Monitoring Regulatory ProgressAdvisory Bodies Making Headway on Privacy, Security Issues
Of course, we don't know for sure if the advisers' recommendations will survive in the final version of regulations enacted by the Department of Health and Human Services. But there are some encouraging signs, including action that the Health IT Policy Committee took June 8 (see: Privacy Protection Steps Advance).
The committee recommended some preliminary "meaningful use" criteria for stage two of the HITECH Act electronic health records incentive program, including a requirement that participants verify how they're protecting stored information.
We'd still like to see more definitive mandates for the use of encryption, at least in certain cases, such as for data stored on mobile devices.
This "meaningful use" requirement on data storage would reinforce the HIPAA Security Rule, but it would not require the use of encryption in all cases. The Privacy and Security Tiger Team, which came up with the proposal, hopes that by calling attention to the issue of protecting stored data in the incentive program's stage two meaningful use requirements, it can "make a dent in the number of organizations that have to report breaches of data," said Deven McGraw, tiger team co-chair.
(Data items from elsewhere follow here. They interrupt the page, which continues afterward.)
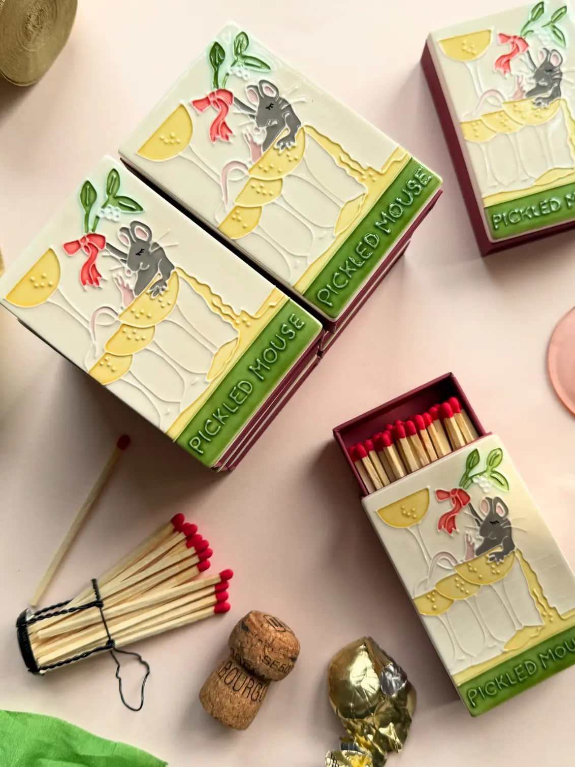 The ceramic artwork sits atop a luxury card case with striker strip. Each box contains 40 coloured extra long safety matches.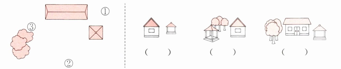 2. 下面左图是晴晴家附近的平面图(部分),下面右图三个画面分别是站在哪个位置看到的?请将对应的序号填在括号里。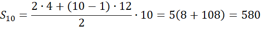 Wyznacz sumę dziesięciu początkowych wyrazów o numerach parzystych, jeśli drugi wyraz ciągu arytmetycznego jest równy 4, a czwarty jest równy 16.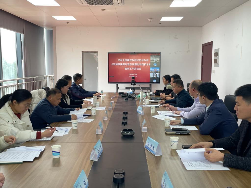 2026年2月11日,由中国工程建设标准化协会批准、苏州科技大学主编的协会标准《河湖库底泥处理及资源化利用技术规程》编制组成立暨第一次工作会议在我校石湖校区顺利召开。本次会议由中国工程建设标准化协会海绵城市工作委员会指导,苏州科技大学主办,来自全国多所高校、科研院所与企业等12家参编单位的代表及特邀专家共20余人参会。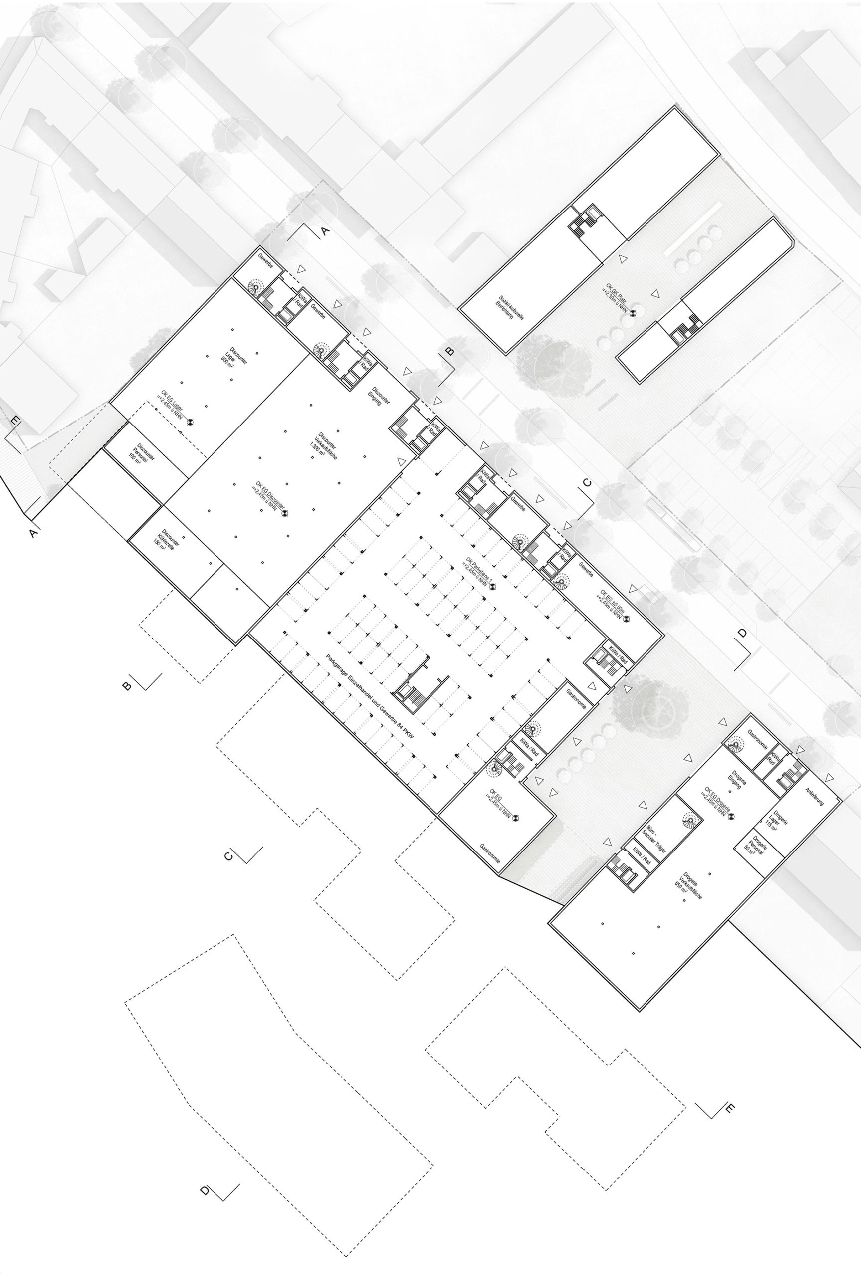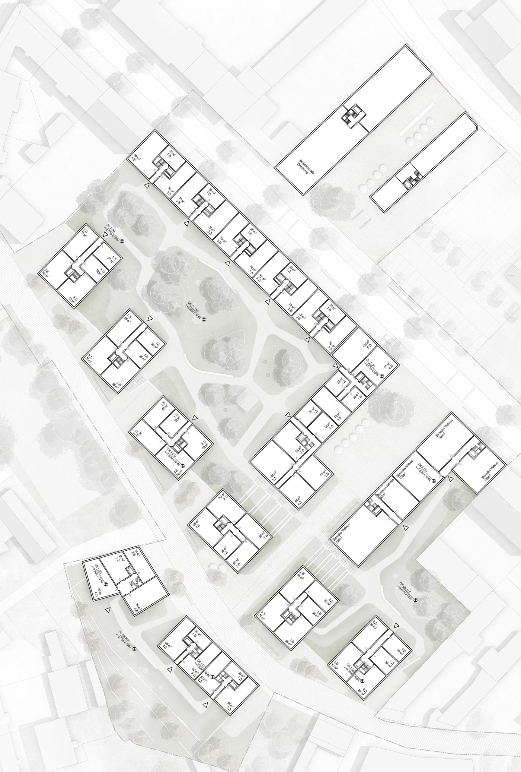 Die großzügigen Sockelgeschosse nutzen die topographischen Gegebenheiten vor Ort und bieten ausreichend Platz für zwei Einzelhandelsmärkte sowie notwendige Parketagen und Mantelnutzungen. Diese großflächigen Nutzungen in den unteren Etagen lösen sich in den oberen Geschossen in differenzierte Einheiten auf. Die Anmutung und Typologie dieser Einheiten knüpft an die Tradition der Flensburger Häuser an und entwickelt gleichzeitig einen eigenen Charakter.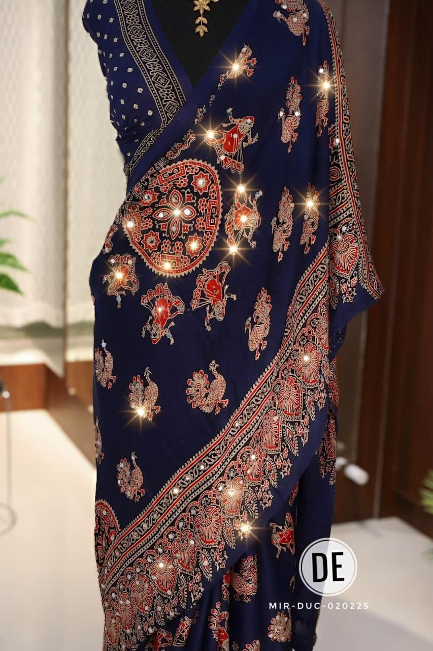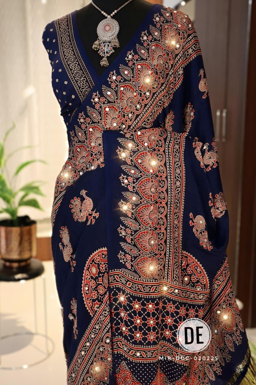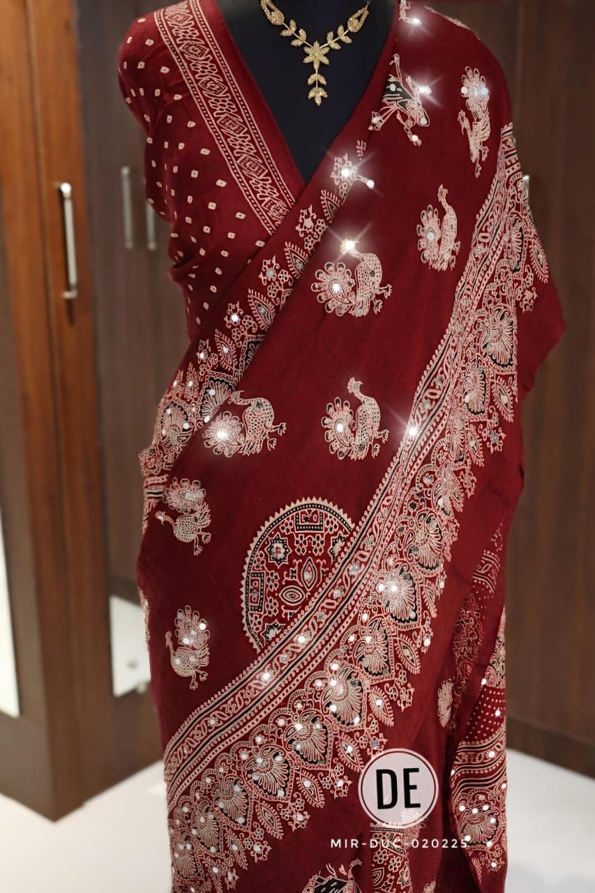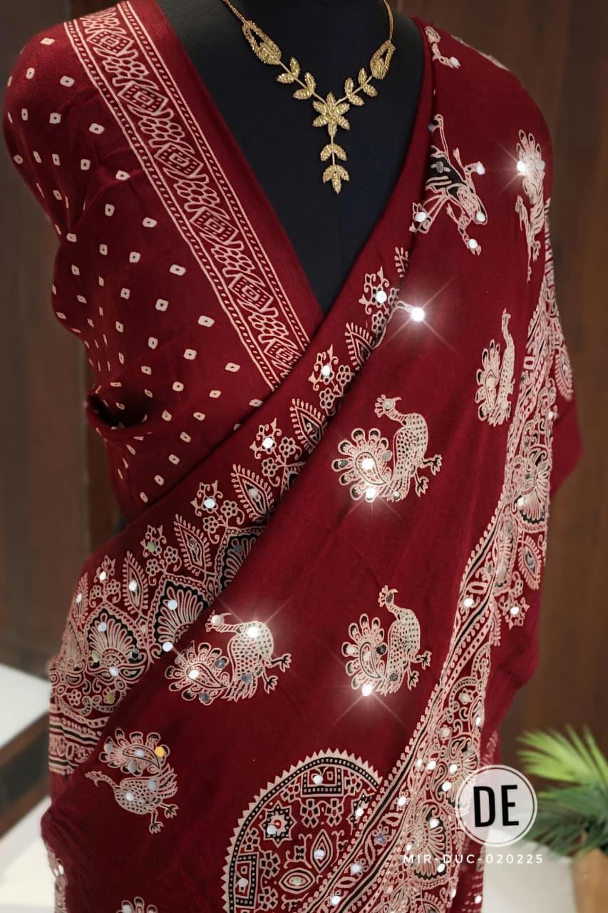 Celebrate the spirit of tradition and festive vibrance with this Red Mirror Work Saree featuring Traditional Gujarati Peacock Print and a Gold Tissue Pallu, designed for Navratri and special cultural occasions. Crafted from premium fabric, this saree combines intricate mirror embellishments with heritage-inspired peacock motifs, reflecting the rich artistry of Gujarati textile traditions.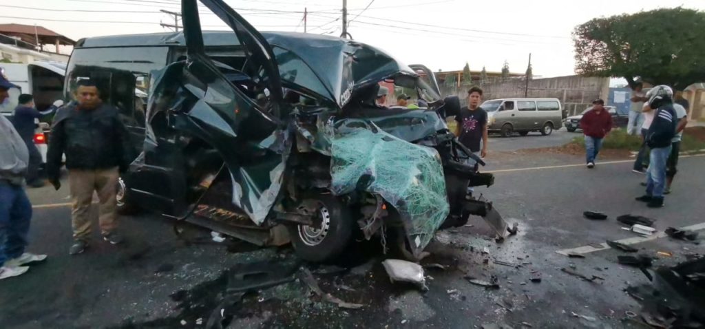 Quetzaltenango. Varias personas resultaron heridas luego de colisión de microbús del transporte extra urbano contra plataforma, en la calzada Luis Flores Asturias del municipio de Coatepeque.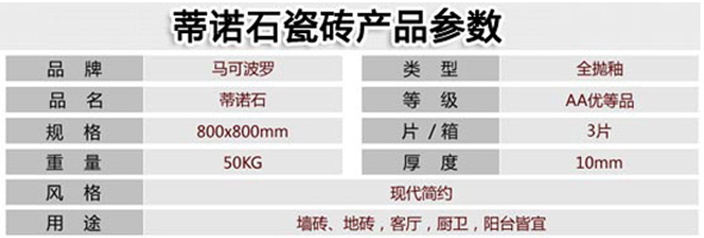 編輯總結:馬可波羅全拋釉瓷磚蒂諾石采用進口釉料,高精工藝,打造五星級防污性能,抗污能力極強,便于日常清潔。每一塊瓷磚表面都經過防水處理,沾水后變澀不滑,充分保護您的安全,因此也是客廳、廚房、衛生間的佳選。
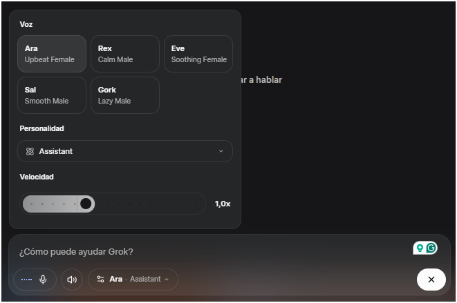 Ejemplo: Un estudiante practica inglés con una "personalidad" de profesor nativo, recibiendo feedback inmediato, mejorando fluidez en un 25% per sesiones según guías de YouTube. Anunciado por Elon Musk en agosto 2025 como expansión. Opinión: Fundamentada en reseñas de Reddit, esto humaniza la IA, inspirando conexiones globales como en *The Age of AI* de Kissinger et al. (2021).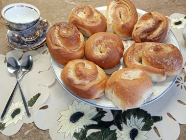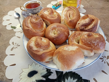 Булочки очень воздушные и сдобные. Рецепт по сравнению с другими более прост в исполнении, тоже был плачевный опыт приготовления. Но так как я любитель булочек с начинкой, решила запечатать в каждую булочку по кураге и кусочек яблока из варенья, получилось очень вкусно. Лучше конечно добавлять варенье, потому что булочки сами по себе суховаты, а сверху можно глазурью полить. Спасибо за рецепт основу.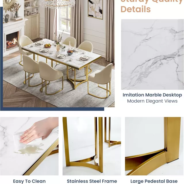 Luxury White Marble Dining Table for 6 with Gold Legs – 71″ Modern Design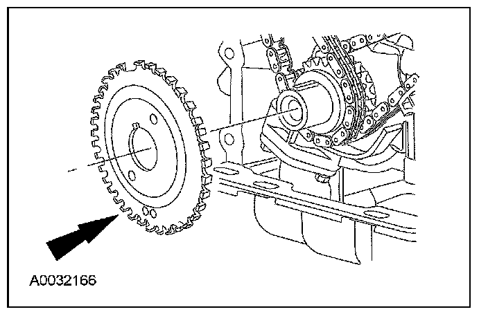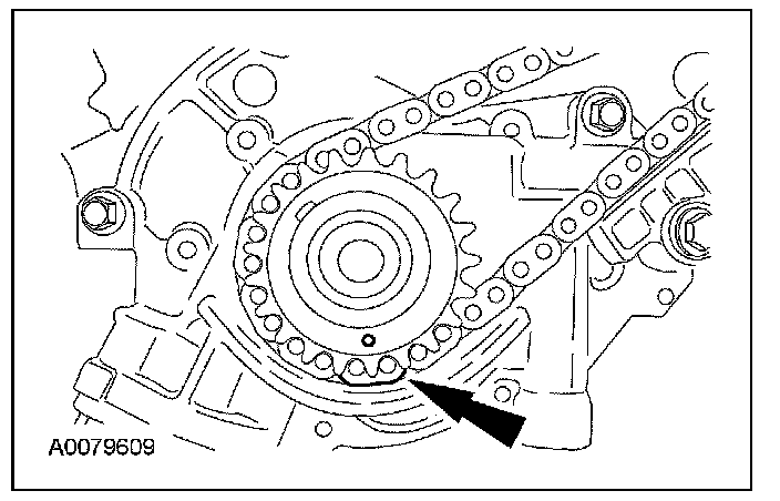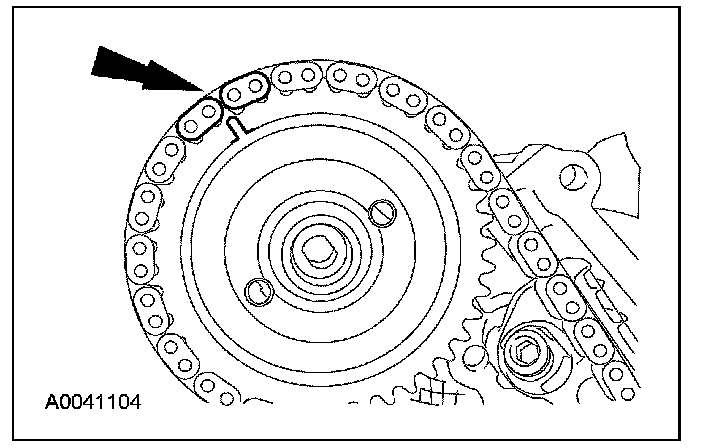 Position the timing chain on the camshaft sprocket with the camshaft sprocket timing mark positioned between the 2 copper (marked) chain links.

The proposed requirement that recipients of EHR incentive dollars verify how they are protecting stored data is a nice start. But ultimately, we'd still like to see more definitive mandates for the use of encryption, at least in certain cases, such as for data stored on mobile devices.
Authentication IssuesThe HIT Policy Committee also recommended that all organizations participating in the Nationwide Health Information Network initiative should use digital certificates that meet authentication standards already required for federal agencies. That way, anyone exchanging information using the NwHIN "brand" can use just one certificate to share information, whether the recipient is a federal agency or a doctor down the block.
The committee advises HHS' Office of the National Coordinator for Health IT. ONC is working on a governance rule spelling out guidelines for participants in the NwHIN (see: Revised NHIN Governance Plan Advances). The certificate guidelines, originally drafted by the tiger team, would be included in that long overdue rule, which HHS will issue, hopefully, within the next few months.
McGraw noted at the June 8 HIT Policy Committee meeting that the tiger team would like the committee to consider a stage three EHR incentive program requirement that mandates compliance with the NwHIN governance policies once they're completed. Many of the tiger team's long list of recommendations ultimately could wind up in that governance rule.
It's certainly a good idea to include the tiger team's many recommendations for protecting privacy during health information exchange in the EHR incentive program rules as well as the NwHIN rule. That way, their importance will be greatly reinforced.
Meanwhile, the HIT Standards Committee soon will review a number of other tiger team recommendations for the EHR incentive program criteria, including authentication and audit trail standards for portals that patients can use to access their electronic health records. Hopefully those provisions, as well, will find their way into the final regulations.
By the way, HHS is slated to issue a proposed rule setting requirements for stage two of the EHR incentive program by year's end, with a final rule due by mid-2012.